§ **Problem to work on**: Output exactly the lines that run from the start of the records to the line with "Tadji, North East", counting both ends, and skip the pictures.

Records from a data source:
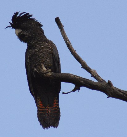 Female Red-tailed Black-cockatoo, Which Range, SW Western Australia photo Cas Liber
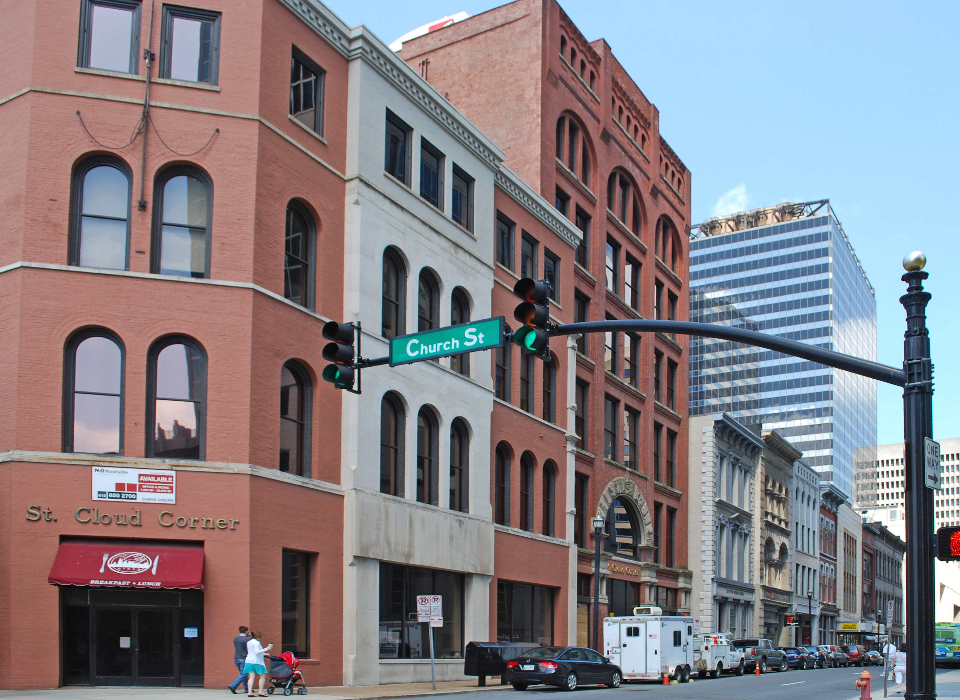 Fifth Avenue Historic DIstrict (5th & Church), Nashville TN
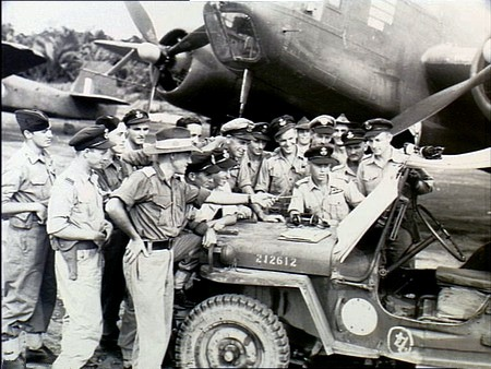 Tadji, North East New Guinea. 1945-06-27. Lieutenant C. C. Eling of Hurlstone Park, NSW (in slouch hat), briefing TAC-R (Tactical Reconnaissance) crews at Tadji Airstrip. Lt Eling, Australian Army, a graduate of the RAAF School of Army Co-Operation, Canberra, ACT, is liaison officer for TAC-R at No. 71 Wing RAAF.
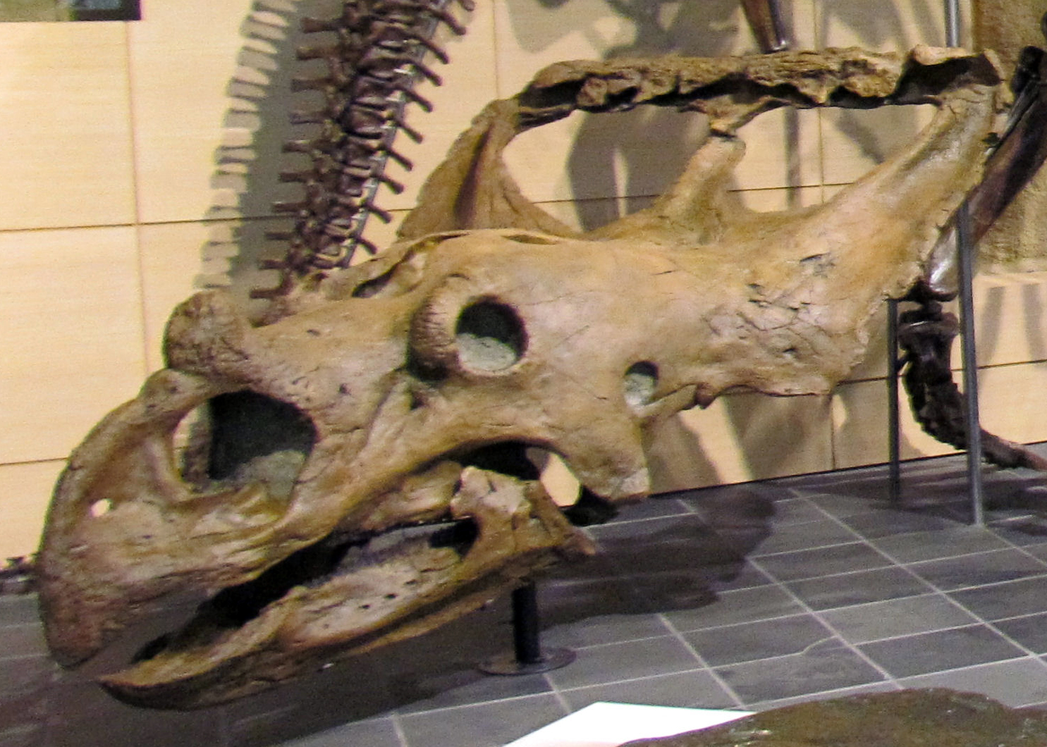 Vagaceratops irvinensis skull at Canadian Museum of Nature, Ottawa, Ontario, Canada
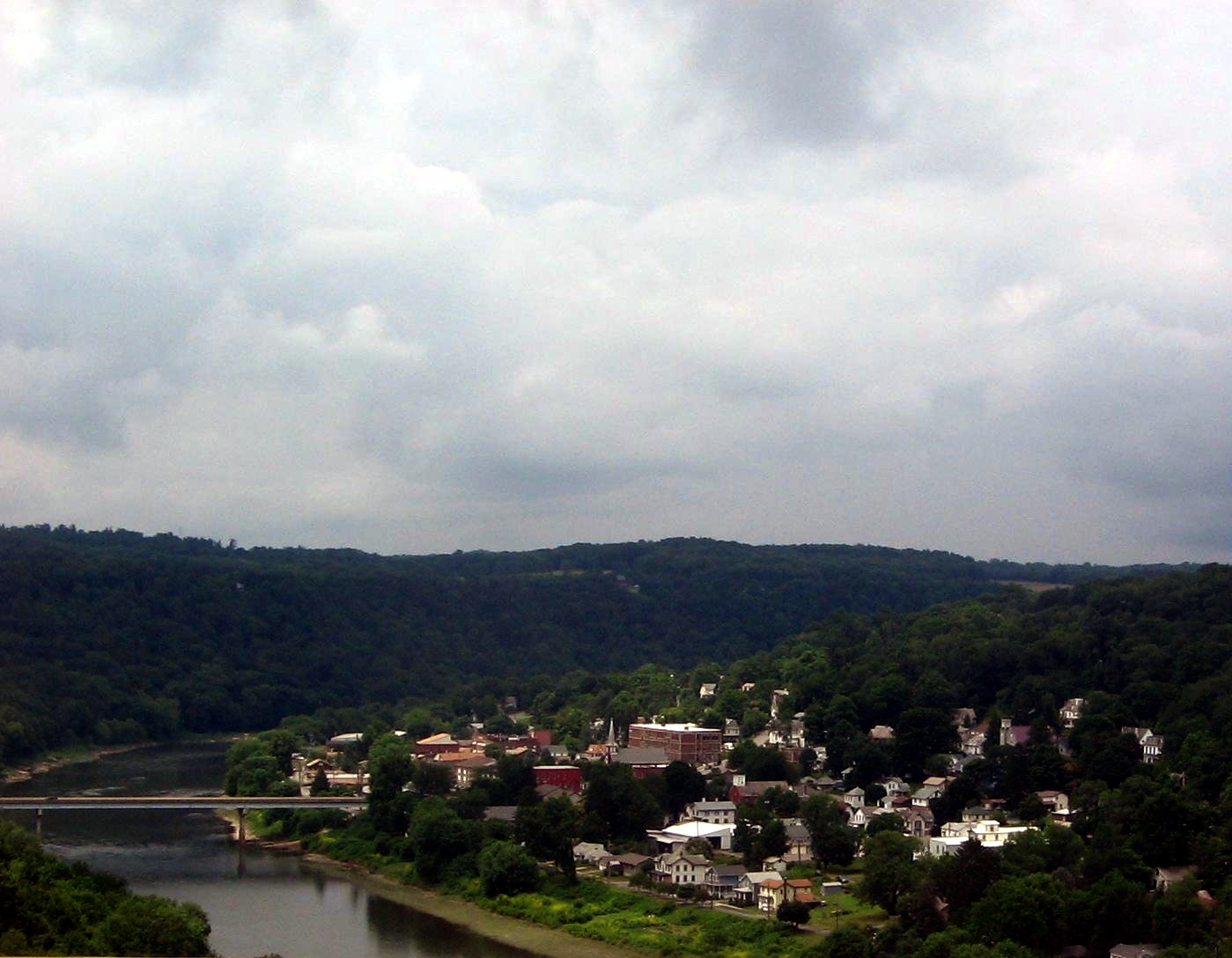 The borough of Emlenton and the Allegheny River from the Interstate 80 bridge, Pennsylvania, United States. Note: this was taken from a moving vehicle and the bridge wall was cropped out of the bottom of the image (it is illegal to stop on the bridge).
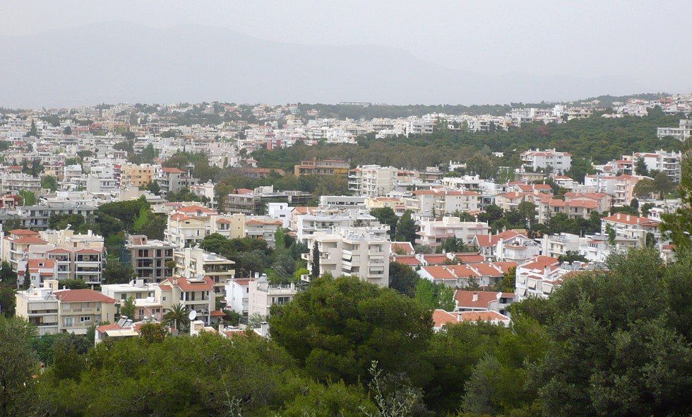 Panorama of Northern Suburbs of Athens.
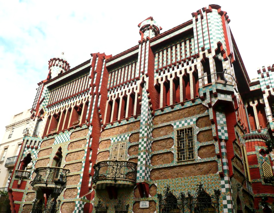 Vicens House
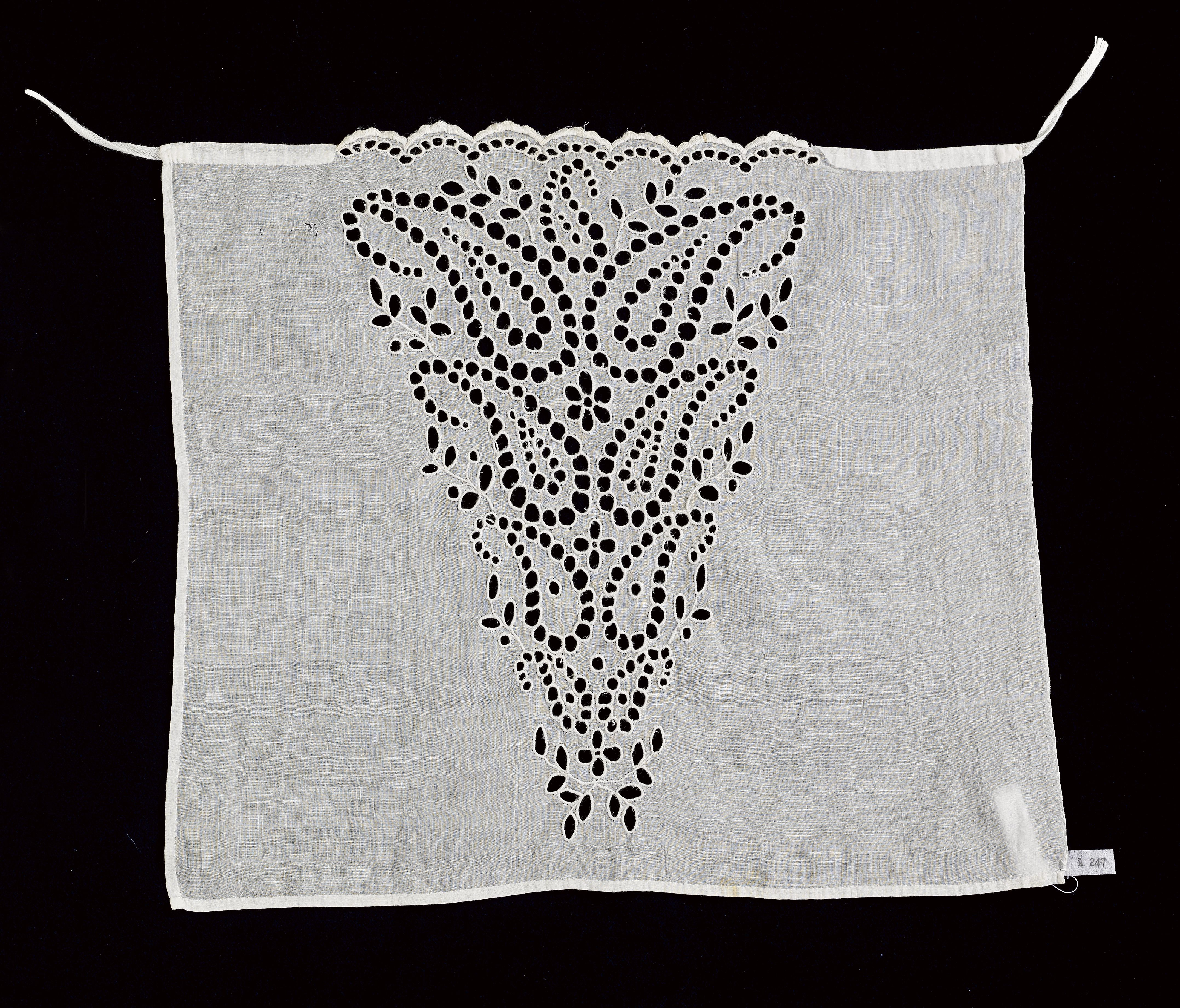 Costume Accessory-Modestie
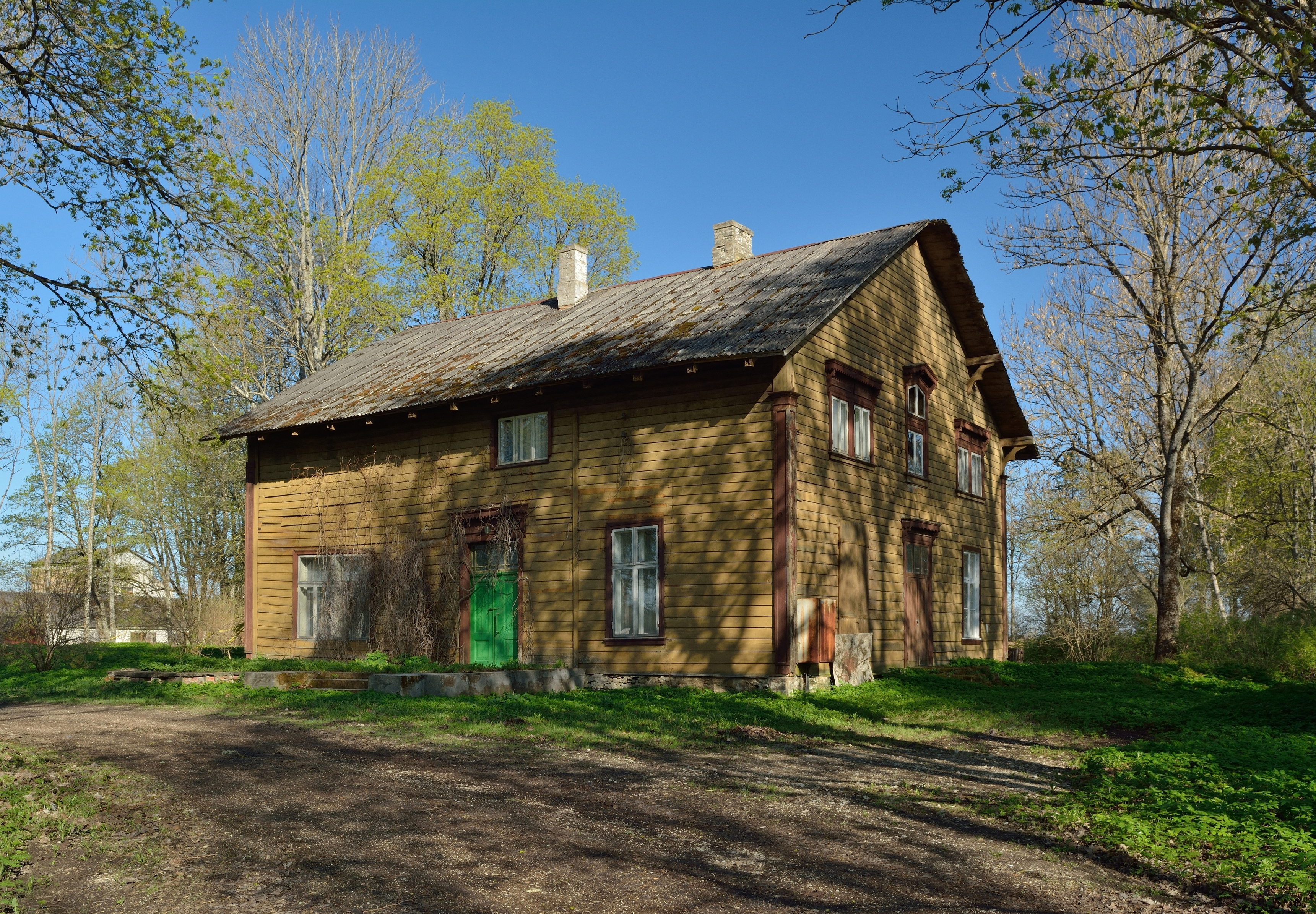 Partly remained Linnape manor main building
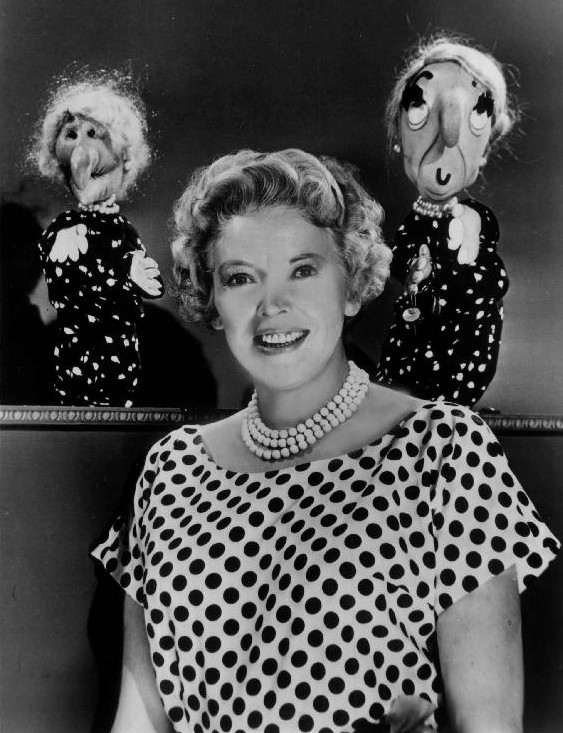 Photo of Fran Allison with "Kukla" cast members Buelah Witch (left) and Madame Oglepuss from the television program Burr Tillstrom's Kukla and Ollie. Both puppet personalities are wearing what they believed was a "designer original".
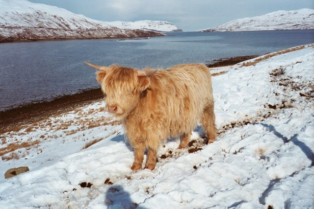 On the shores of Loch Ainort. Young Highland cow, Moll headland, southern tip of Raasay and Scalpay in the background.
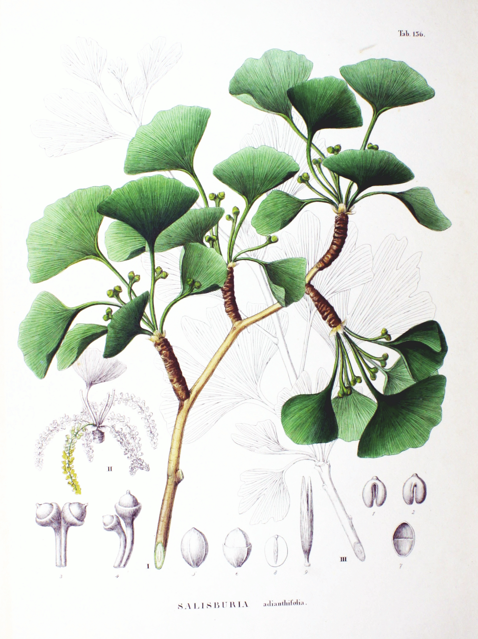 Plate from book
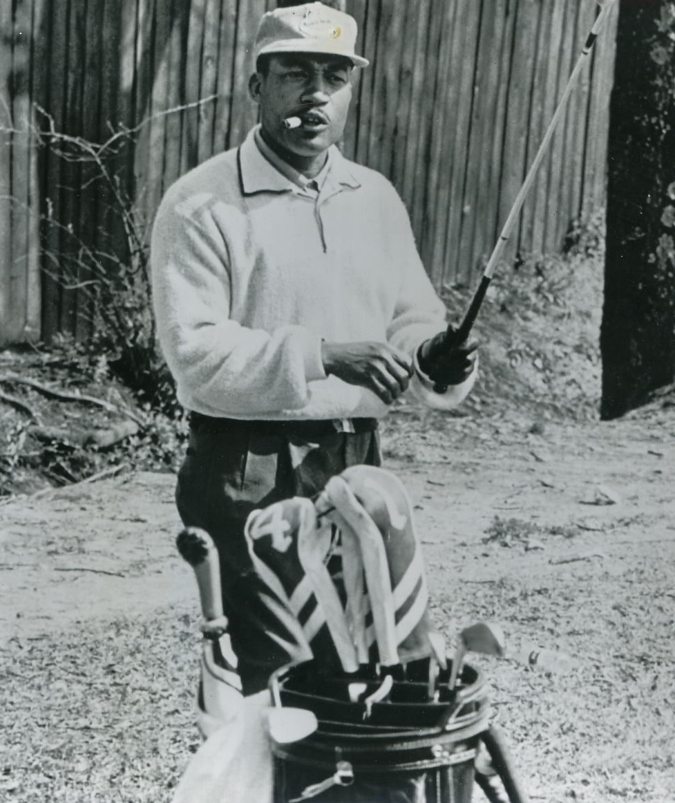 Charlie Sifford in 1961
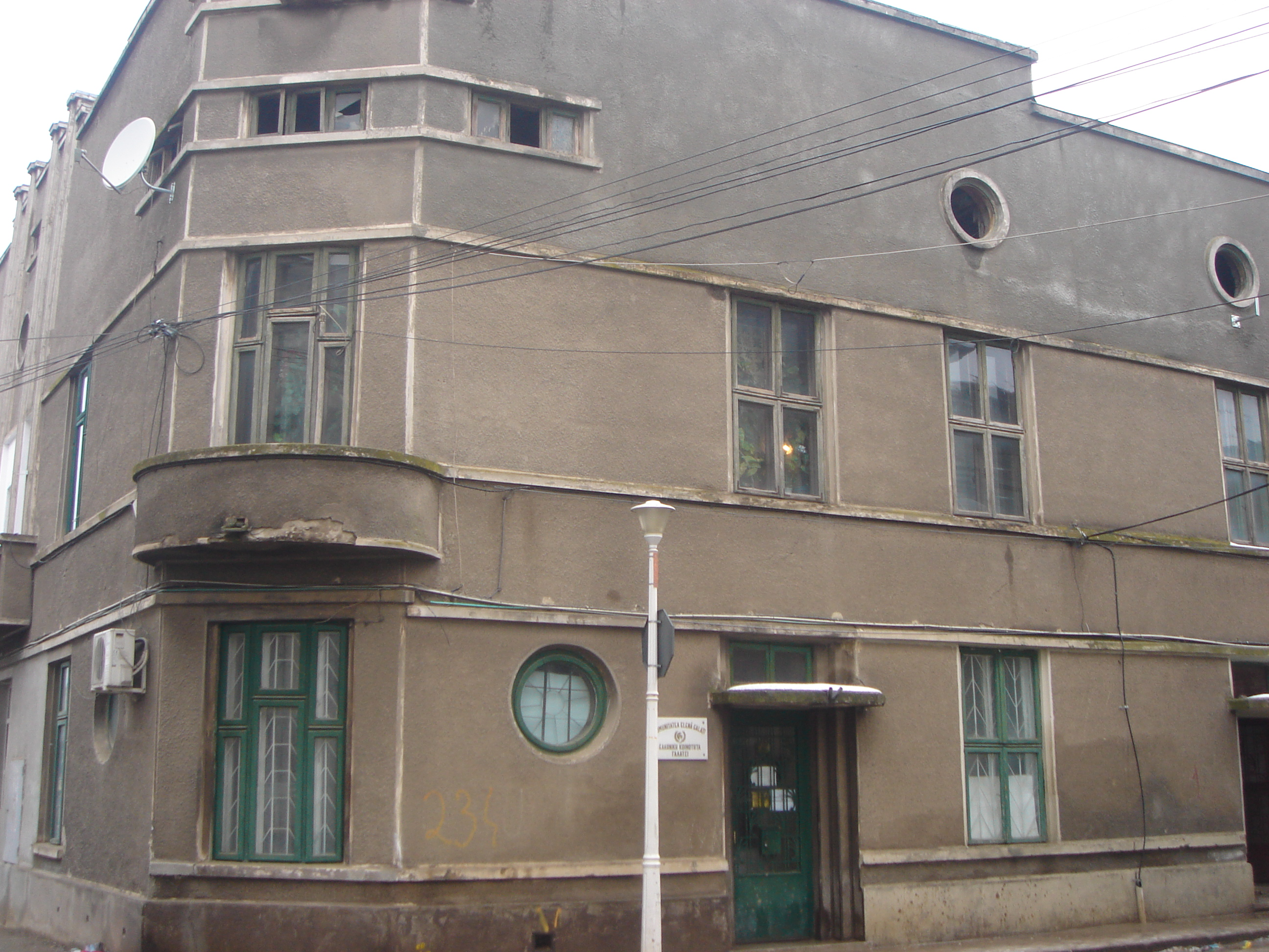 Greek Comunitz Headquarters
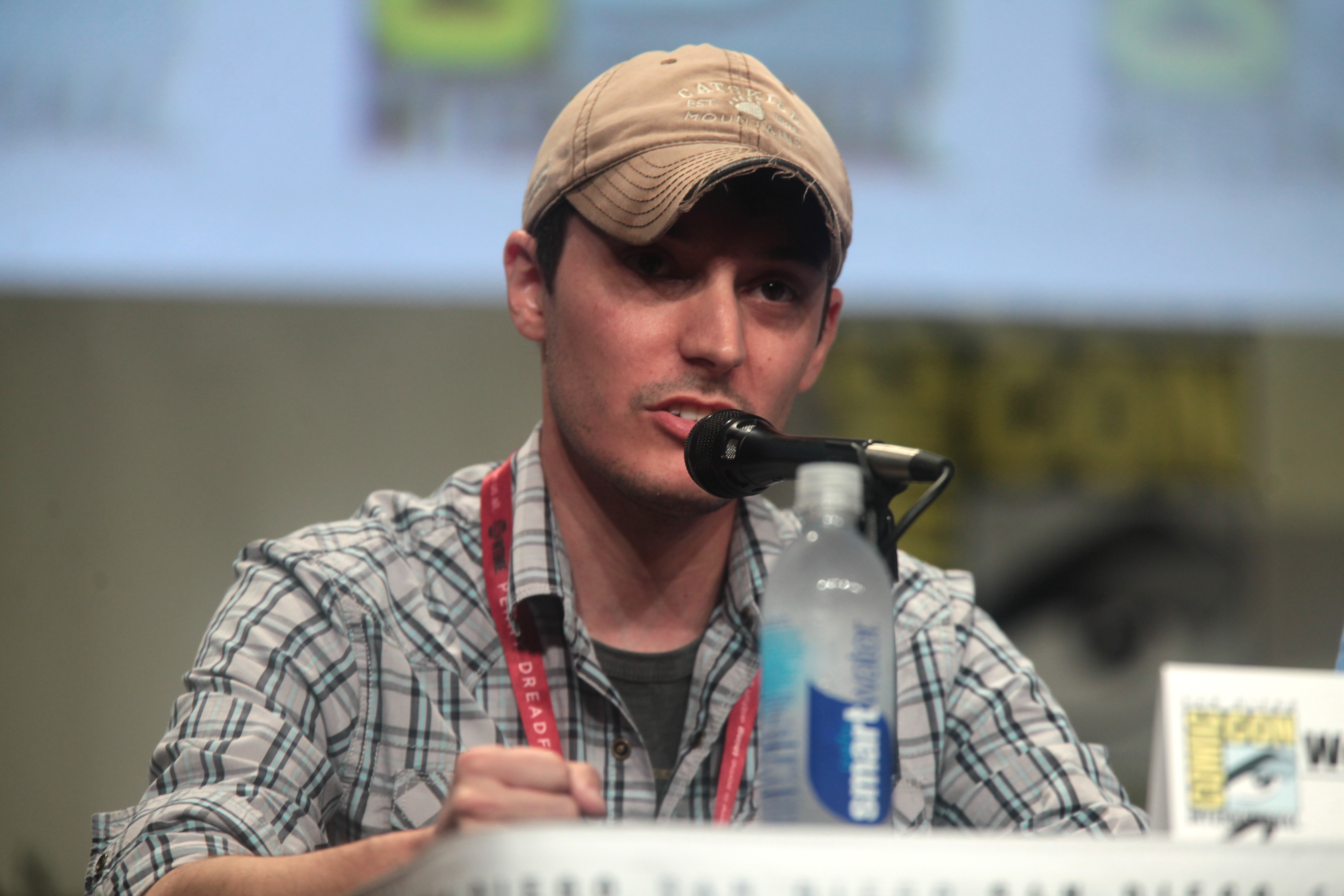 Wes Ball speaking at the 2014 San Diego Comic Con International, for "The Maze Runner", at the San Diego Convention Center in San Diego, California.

§ **Answer section**:
 Female Red-tailed Black-cockatoo, Which Range, SW Western Australia photo Cas Liber
 Fifth Avenue Historic DIstrict (5th & Church), Nashville TN
 Tadji, North East New Guinea. 1945-06-27. Lieutenant C. C. Eling of Hurlstone Park, NSW (in slouch hat), briefing TAC-R (Tactical Reconnaissance) crews at Tadji Airstrip. Lt Eling, Australian Army, a graduate of the RAAF School of Army Co-Operation, Canberra, ACT, is liaison officer for TAC-R at No. 71 Wing RAAF.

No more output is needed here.